Beauty is truth, truth beauty, – that is all
Ye know on earth, and all ye need to know.
When Amy Winehouse, a 27-year-old British singer, died in her London flat in July of 2011, few were surprised. While her musical talent was prodigious (her singing was compared to that of Billy Holiday), her battle with alcohol and drug addiction also attracted public attention. Her breakout song was entitled “Rehab.” Was she not another artist sacrificed at the altar of the muses?
Are we not tripped, here, by a stereotype (Kaufman et al., 2006), seduced by an availability heuristic? After all, how many alcoholics perish quietly out of the public eye? And given that we are unable to calculate conditional probabilities for this kind of case, we may wonder whether the chance of Amy Winehouse overdosing on alcohol would have been the same if she had not been an accomplished songwriter and singer (Silvia and Kaufman, 2010).

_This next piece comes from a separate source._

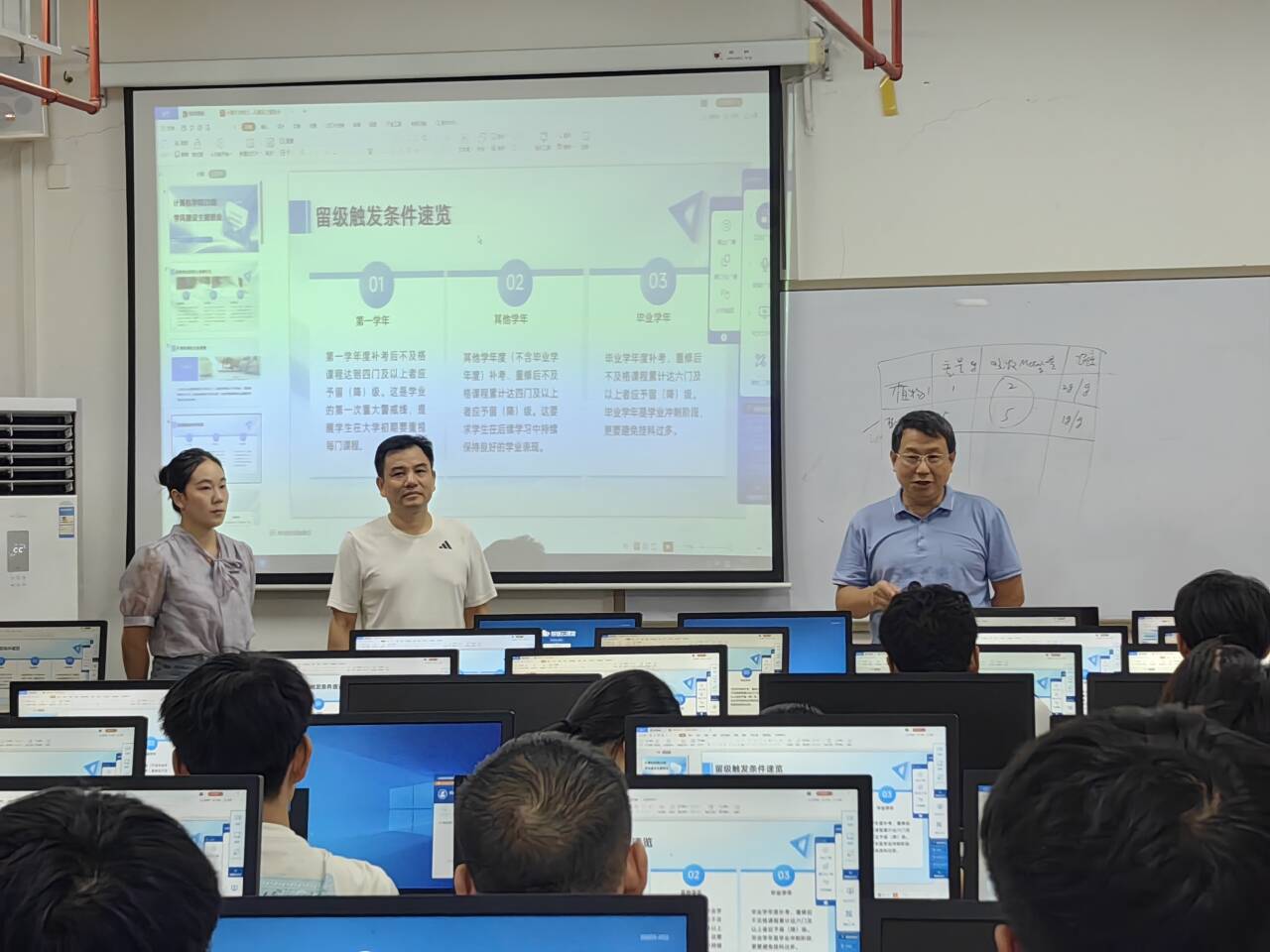 本网讯(通讯员 陈粲然 王柯欣)近期,计算机与人工智能学院党委书记肖建勋带领全体领导班子成员,及23级班主任、辅导员深入各班,开展“学风建设与发展规划”主题班会,进一步巩固学风建设成果,助力2023级学生破解学业瓶颈、明晰发展方向,以“靶向式”指导为大三学子注入成长动能。
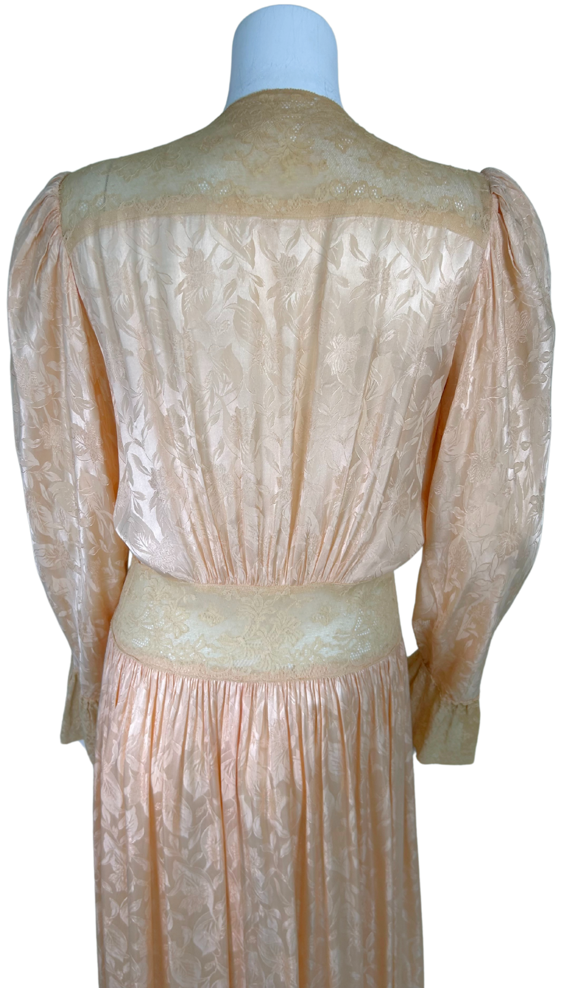 Step into the soft, romantic luxury of the 1930s with this breathtaking vintage blush pink satin and lace peignoir robe. Crafted in a floral jacquard satin with a luminous sheen, this elegant piece features long bishop sleeves with wide flared lace cuffs, a deep plunge neckline trimmed in sheer floral lace, and a gathered full-length skirt for dramatic movement. A defined lace waistband cinches the silhouette and fastens at the front with self-covered satin buttons, a signature detail of 1930s couture-quality loungewear.

An argument of the kind that can follow from assuming causal connections between artistic creativity and mental illness has been made by Currie (2011). He drew on a study by Post (1994) who made psychiatric diagnoses of 291 famous men from biographies. Post found that 48 percent of writers had severe psychopathology, whereas rates of psychopathology in scientists, statesmen, and thinkers were lower. On the basis of these and similar data, Currie argues that we cannot expect to learn anything useful from people who are as crazy as many writers seem to be. In this argument, Currie accepts that correlation means causality; that mental illness contributes to the writer’s art; and he assumes that the illnesses of the writers were permanent. Therefore, he concludes, one should not take the writers seriously. He also makes no comparison with levels of mental illness in the ordinary community.